Machine learning na educação, medicina e apoio ao desenvolvimento
Além do seu potencial para a eficiência e produtividade, o ML e a IA também podem ser usados na educação. A Duolingo, que oferece apps de cursos de línguas gratuitos, utiliza algoritmos de linguagem para texto para avaliar e corrigir a pronúncia dos estudantes. Em medicina, a IA apoia os médicos na análise de raio-X, na tomografia computorizada ou em imagens MRT. O Banco Mundial também utiliza a IA para implementar programas de infraestrutura, de apoio ao desenvolvimento e para outras medidas, de uma forma mais direcionada para o futuro.
Maior espaço para o otimismo
Apesar de todos estes avanços, muitas das pessoas do mundo académico, empresarial e governamental possuem uma visão crítica do ML e da IA. Têm surgido avisos acerca de uma nova superinteligência que está a ameaçar a nossa civilização – e estes avisos têm sido eficazes em atrair publicidade.
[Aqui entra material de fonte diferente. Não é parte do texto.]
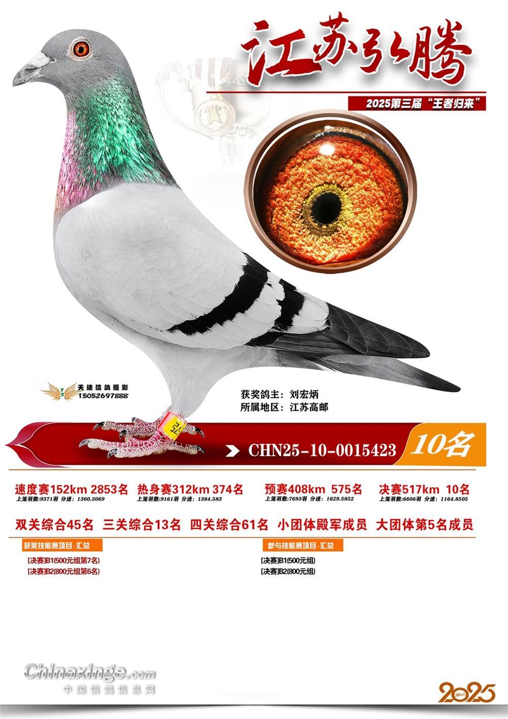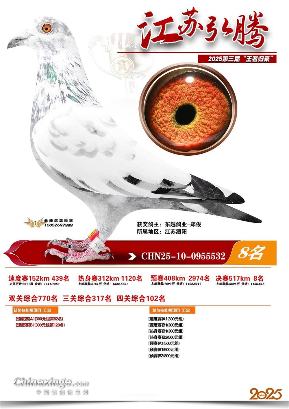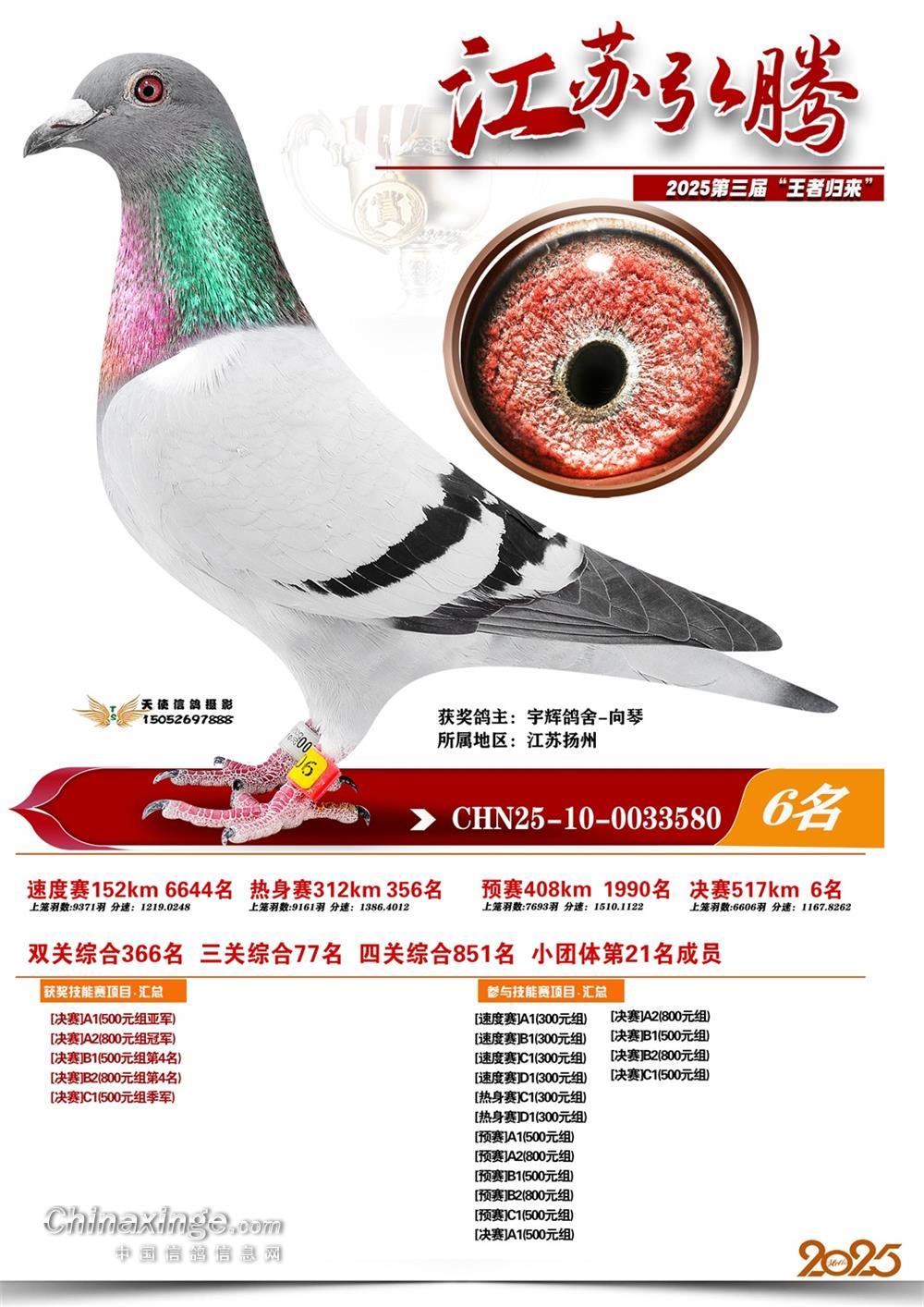 江苏弘腾赛鸽公棚2025年秋赛,走出一条以质促赛的赛鸽之路。今年参赛费2200元/羽,开奖羽数6500羽,决赛取1000名、前三奖励20万、15万、10万元,尾奖1万,丰厚回报参赛鸽友。10月28日收费站率先开笼,10171羽赛鸽出征归巢9571羽,94.1%的归巢率喜迎开门红;11月13日速度赛再攀高峰,9371羽参赛鸽归巢9164羽,97.79%的超高归巢率,既彰显了赛鸽的过硬素质,更印证了公棚科学养训与细致管理的专业水准,为后续三关正赛奠定坚实基础。

No entanto, nem a histeria nem a euforia devem ter espaço suficiente para assumir preponderância no debate público. O que precisamos é de uma visão pragmática-otimista sobre as possibilidades emergentes. A IA permite-nos começar a deixar as tarefas no nosso trabalho que prejudicam a nossa saúde ou onde as máquinas têm um melhor desempenho do que nós, mas tudo isto não com o objetivo de nos tornar redundantes. Em vez disso, pretende-se ganhar maior liberdade pessoal e económica – para relacionamentos interpessoais, para a nossa criatividade e para tudo o que nós, seres humanos, podemos fazer melhor do que as máquinas. É por isto que devemos lutar. Se não, vamos renunciar a oportunidades económicas e sociais que poderíamos aproveitar.